We investigate a spatially flat FLRW cosmological model within modified gravity, defined by the function \( f(R, L_m) = \alpha R + L_m^\beta + \gamma \), where \( L_m \) is the matter Lagrangian density. The resulting Friedmann equations yield the Hubble parameter: \[ H(z) = H_0 \sqrt{(1 - \lambda) + \lambda (1 + z)^{3(1 + w)}}, \] with \( \lambda = \frac{\gamma}{6\alpha H_0^2} + 1 \) and \( w = \frac{\beta(n - 2) + 1}{2\beta - 1} \). The parameter \( n \), linked to the equation of state \( p = (1 - n)\rho \), allows the model to account for different cosmological epochs. Using a Bayesian MCMC method, we constrain the model parameters with data from cosmic chronometers, the Pantheon+ Supernovae sample, BAO, and CMB shift parameters. The best-fit values obtained are \( H_0 = 72.773^{+0.148}_{-0.152} \, \text{km/s/Mpc} \), \( \lambda = 0.289^{+0.007}_{-0.007} \), and \( w = -0.002^{+0.002}_{-0.002} \), all at the 1\(\sigma\) confidence level.
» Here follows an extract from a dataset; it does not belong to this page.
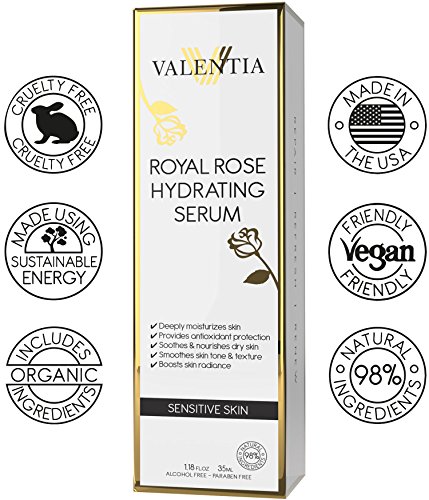 -. Title : NEW - Valentia Royal Rose Hydrating Serum - For Sensitive Skin - Includes Rose Damascena, Organic Rosehip Oil, Niacinamide (Vit B), Evening P.R.Imrose, Bearberry, and Lavender - 1.18 Oz
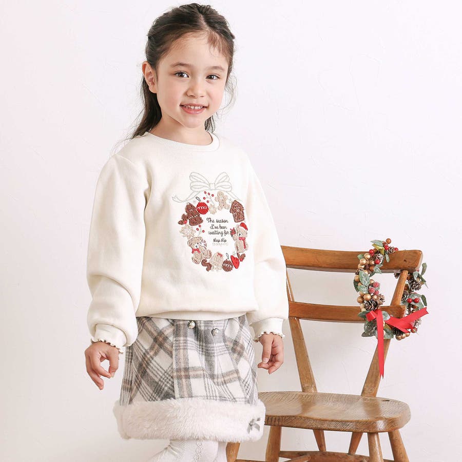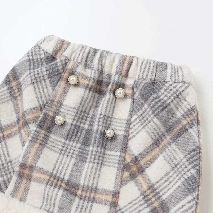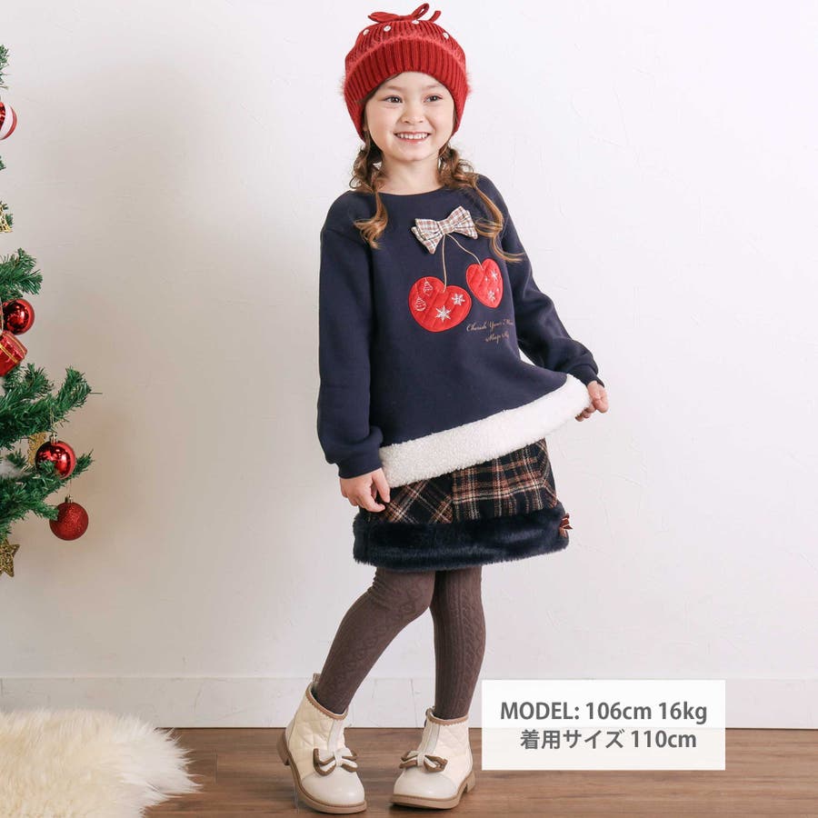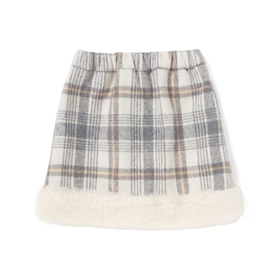 【お揃い】ファー切替チェック台形スカート(90~130cm)

The model predicts a transition redshift \( z_t \approx 0.76 \) for the onset of acceleration and an estimated universe age of 13.21 Gyr. The relatively higher value of \( H_0 \) compared to Planck 2018 suggests a possible resolution to the Hubble tension. Assuming \( \rho_0 = 0.534 \times 10^{-30} \, \text{g/cm}^3 \) and \( n = 1 \), the constants are found to be \( \beta = 1.00201 \), \( \alpha = 512247 \), and \( \gamma = -1.215 \times 10^{-29} \). We also compute the Bayesian Information Criterion (BIC) to compare this model to the standard \(\Lambda\)CDM. A small BIC difference (\( \Delta \text{BIC} = 0.16 \)) indicates similar statistical support. Thus, the \( f(R, L_m) \) model stands as a consistent and viable alternative to \(\Lambda\)CDM, offering insights into late-time cosmology.